**PROBLEM REQUIREMENTS:** Exact copies of all the entries are required, and no pictures should appear in them.

**DATA EXTRACT:**
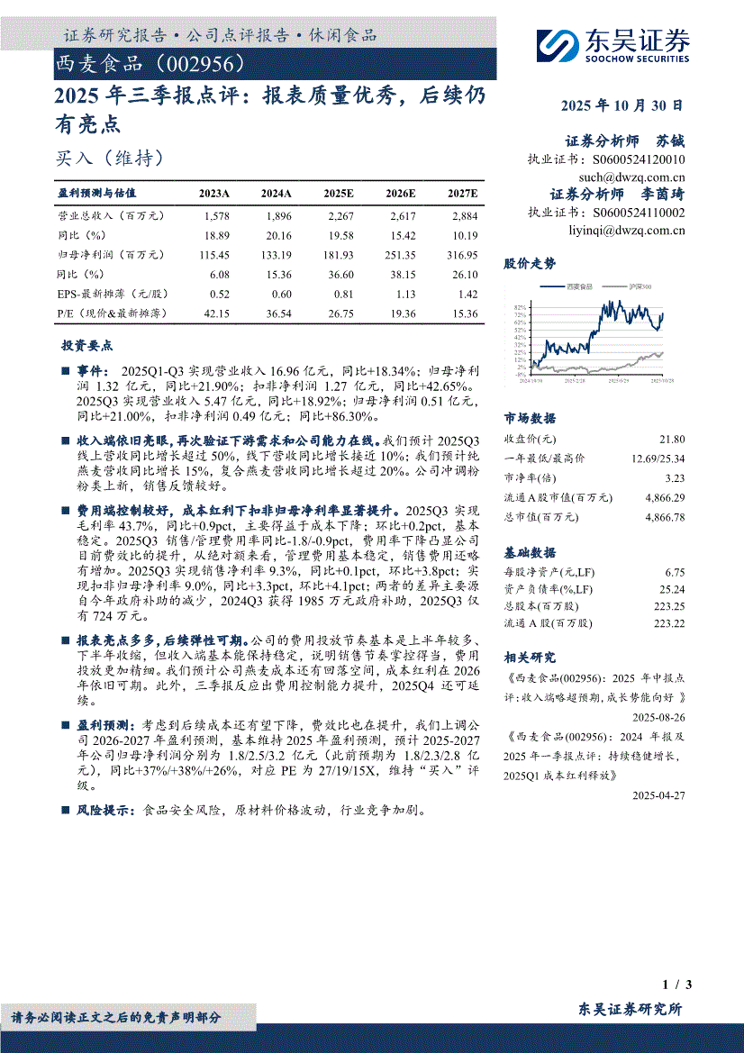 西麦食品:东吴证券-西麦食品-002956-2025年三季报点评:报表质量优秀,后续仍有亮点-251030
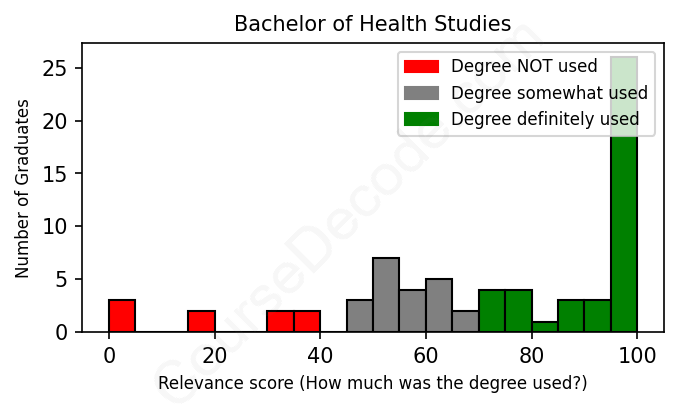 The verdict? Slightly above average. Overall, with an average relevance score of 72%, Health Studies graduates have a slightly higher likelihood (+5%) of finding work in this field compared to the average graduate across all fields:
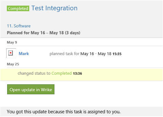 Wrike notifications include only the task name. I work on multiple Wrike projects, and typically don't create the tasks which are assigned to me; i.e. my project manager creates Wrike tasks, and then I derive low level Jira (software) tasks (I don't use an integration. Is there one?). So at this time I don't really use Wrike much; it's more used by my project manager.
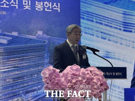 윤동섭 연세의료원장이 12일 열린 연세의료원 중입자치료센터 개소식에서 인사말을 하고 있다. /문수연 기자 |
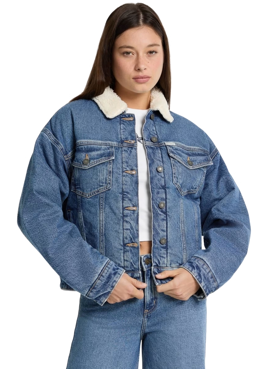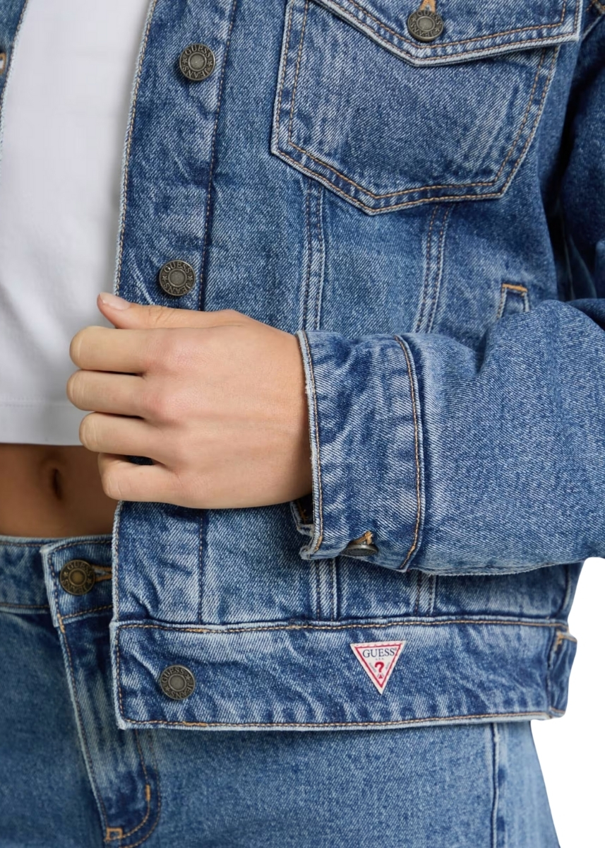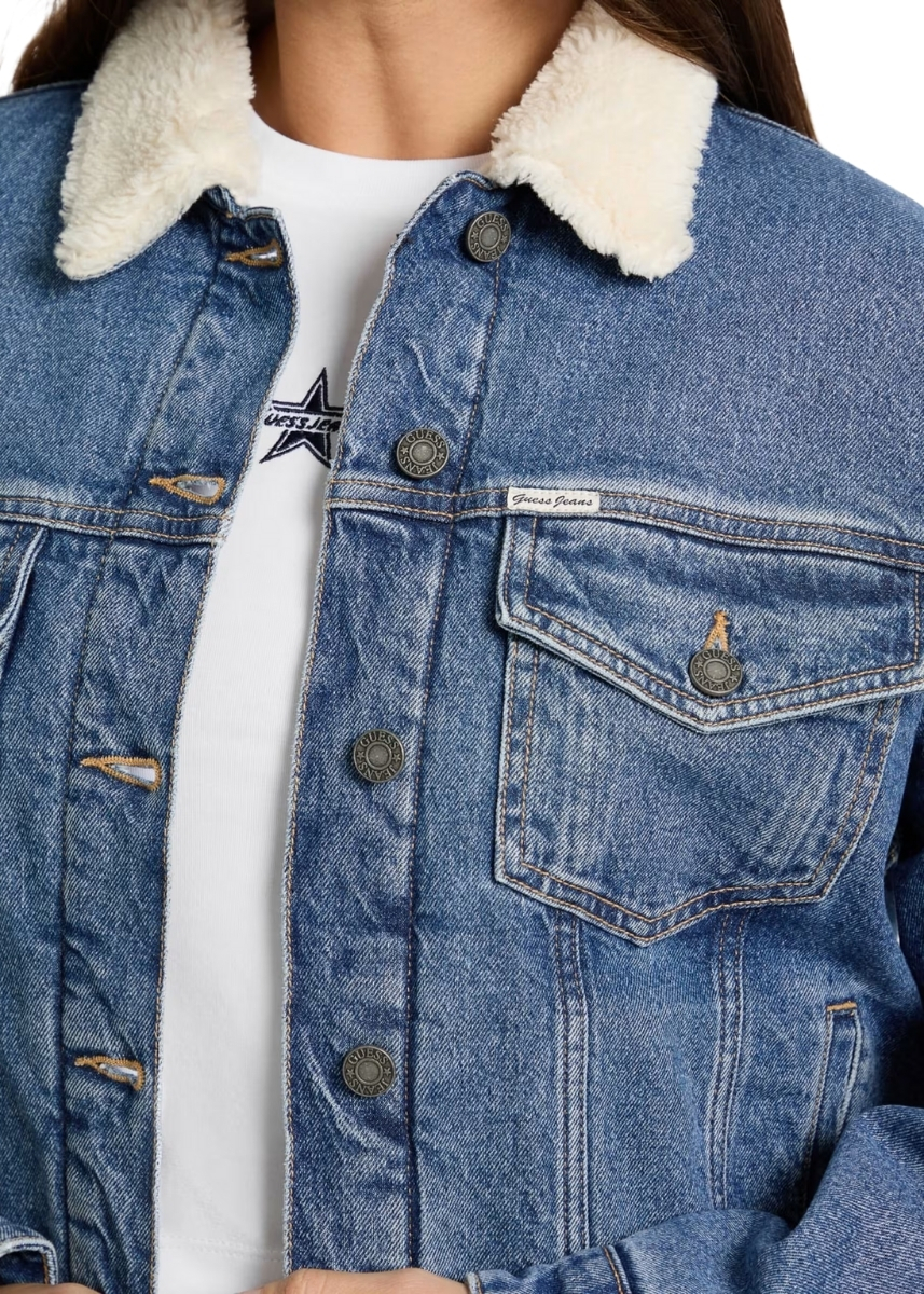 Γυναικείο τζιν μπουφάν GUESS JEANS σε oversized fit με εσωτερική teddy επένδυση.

**TASK RESPONSE:**
 西麦食品:东吴证券-西麦食品-002956-2025年三季报点评:报表质量优秀,后续仍有亮点-251030
 The verdict? Slightly above average. Overall, with an average relevance score of 72%, Health Studies graduates have a slightly higher likelihood (+5%) of finding work in this field compared to the average graduate across all fields:
 Wrike notifications include only the task name. I work on multiple Wrike projects, and typically don't create the tasks which are assigned to me; i.e. my project manager creates Wrike tasks, and then I derive low level Jira (software) tasks (I don't use an integration. Is there one?). So at this time I don't really use Wrike much; it's more used by my project manager.
 윤동섭 연세의료원장이 12일 열린 연세의료원 중입자치료센터 개소식에서 인사말을 하고 있다. /문수연 기자 |
 Γυναικείο τζιν μπουφάν GUESS JEANS σε oversized fit με εσωτερική teddy επένδυση.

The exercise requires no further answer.